The selected antibodies were compared with a series of previously characterized antibodies. Five were obtained from convalescent patients, two chosen for having high neutralization activities (CC6.29 and CC6.30), two because they bound a different epitopic region (CC12.17 and CC12.18)18, and one that was cross-reactive with SARS-CoV-1 and recognized an additional, epitope39. We also compared four antibodies derived from in vitro “naïve” phage library selections (naïve antibodies) with the highest reported affinities for which sequences were available39,40,41. The affinities of the antibodies from convalescent patients, as produced and measured here, were similar to those previously reported7,18. This was not the case for the antibodies from the naïve libraries, which had affinities significantly lower than those previously reported39,40,41, a finding we are unable to explain. For all but a few antibodies, values improved ~sixfold when RBD affinities were compared to a trimeric form of the Spike antigen (Fig. 2), reflecting the expected avidity effect due to multivalent binding. Interestingly, some antibodies (e.g., C7, G5, and A12) showed lower or similar avidities for the trimer compared to the monomeric RBD, which may be related to different trimer conformations83, allosteric effects (e.g., masking of recognized epitopes in the native trimer), or the fact that the soluble S trimers we used contained an artificial trimerization sequence, which may not conform with that of the natural membrane-bound trimer. It is intriguing that the affinity of the most potent neutralizing antibody (A12 – IC50 1.3 ng/ml) falls within this group, with affinities roughly equivalent for the RBD (52 pM) and trimer (83 pM).
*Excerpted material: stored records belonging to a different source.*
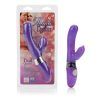 Elegantly designed to tease and please. Curved shaft for maximum satisfaction. Dual motors. 3 powerful speeds. Contoured handle with soft touch control and designer platinum decor band. Safe and pure for body and pleasure made using phthalate free materials: unscented Thermoplastic Rubber TPR massager, ABS plastic handle, ABS plastic with silver plating decor ring, Silicone button. Vibrator requires 2 AA batteries, not included. 3.75 inches by 1.25 inches shaft. 1.75 inches by 1 inch stimulator.
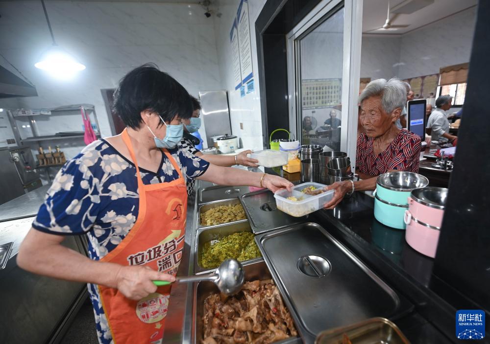 7月13日,老人們?cè)谕目阪?zhèn)迎豐村老年食堂打飯。該老年食堂的建設(shè)得益于新鄉(xiāng)賢們的捐贈(zèng)相助。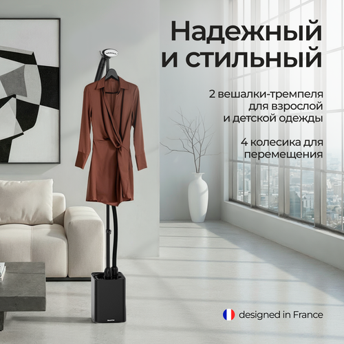 Вертикальный отпариватель SteamOne HENRI 2 (EUJK300B) — это обновлённая модель с улучшенными характеристиками. Объём емкости для воды 1,8 литра, а мощность 2000 Вт. Подача пара 42 граммов в минуту, что помогает быстро и эффективно разгладить любую вещь. В комплекте идёт раздвижная стойка, которая позволяет разместить вещи на вешалке. Нагревается прибор в течение 60 секунд, а непрерывно работает 45 минут. Также у HENRI 2 (EUJK300B) предусмотрены колёсики для удобного перемещения отпаривателя.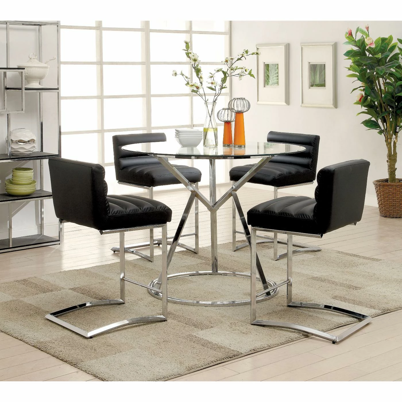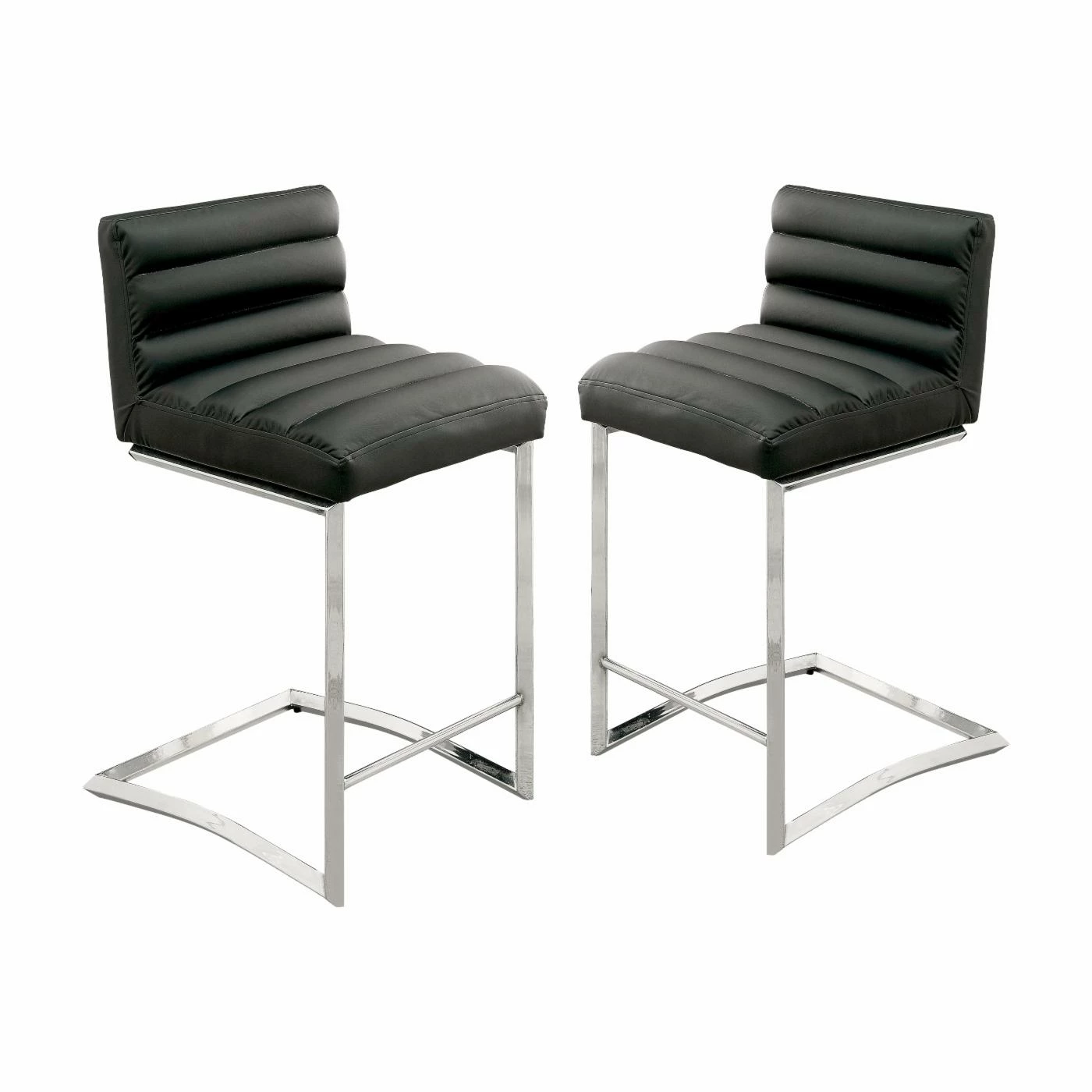 Deep baffle tufting adds comfortable luxury to the faux leather upholstered Furniture of America Delano Contemporary Style Counter Height Dining Chair – Set of 2. These two dining chairs seat guests at counter height, making them ideal for completing your chat table or sliding up to the breakfast counter. They feature cantilevered bases with built-in footrest bar, and come in polished chrome. The set includes two counter height chairs.

The great majority of the selected antibodies binned together, targeting the RBD-A epitope, and overlapping with sites recognized by CC6.29/30 and most other neutralizing immune antibodies. Most of the tested antibodies were able to inhibit the B.1.17 and B.1.351 variants with IC50s similar to those of the wild type (Fig. 4d), indicating their potential utility in antibody cocktails designed to control variants and avoid escape mutants. Two of the selected antibodies (#41 and B3) belonged to a separate binning group, able to block binding to both RBD-A (CC6.29 and CC6.30) and one of the RBD-B antibodies (CC12.18)18, but these possessed reduced efficacy against the B.1.17 and B.1.351 variants (Fig. 4d).
In conclusion, the studies enabled by this global pandemic comparison show that carefully designed and constructed recombinant naïve antibody libraries are as efficient as immune sources for the generation of highly potent antibodies against a viral pathogen. This establishes that naïve antibody libraries have finally come of age, fulfilling their original promise of bypassing the need to identify immune sources with strong responses to generate powerful antibodies24. This library design has shown value not just for infectious disease, but also for therapeutic antibody discovery in general, having produced antibodies with comparable affinities and developability properties against other therapeutic targets33,34. The absence of developability concerns in the selected antibodies is manifested by the presence of few identifiable sequence liabilities (Supplementary Fig. 2), mean and median hydropathy and charge profiles for the merged CDRs better than the anti-Covid antibodies in the Cov-AbDab database (Supplementary Fig. 3), a lack of polyreactivity (Supplementary Fig. 4) and values for AC-SINS, Tm and accelerated stability considered developable within the clinical-stage antibody landscape45. These features are expected to accelerate scale up production and clinical approval of antibodies selected from this platform.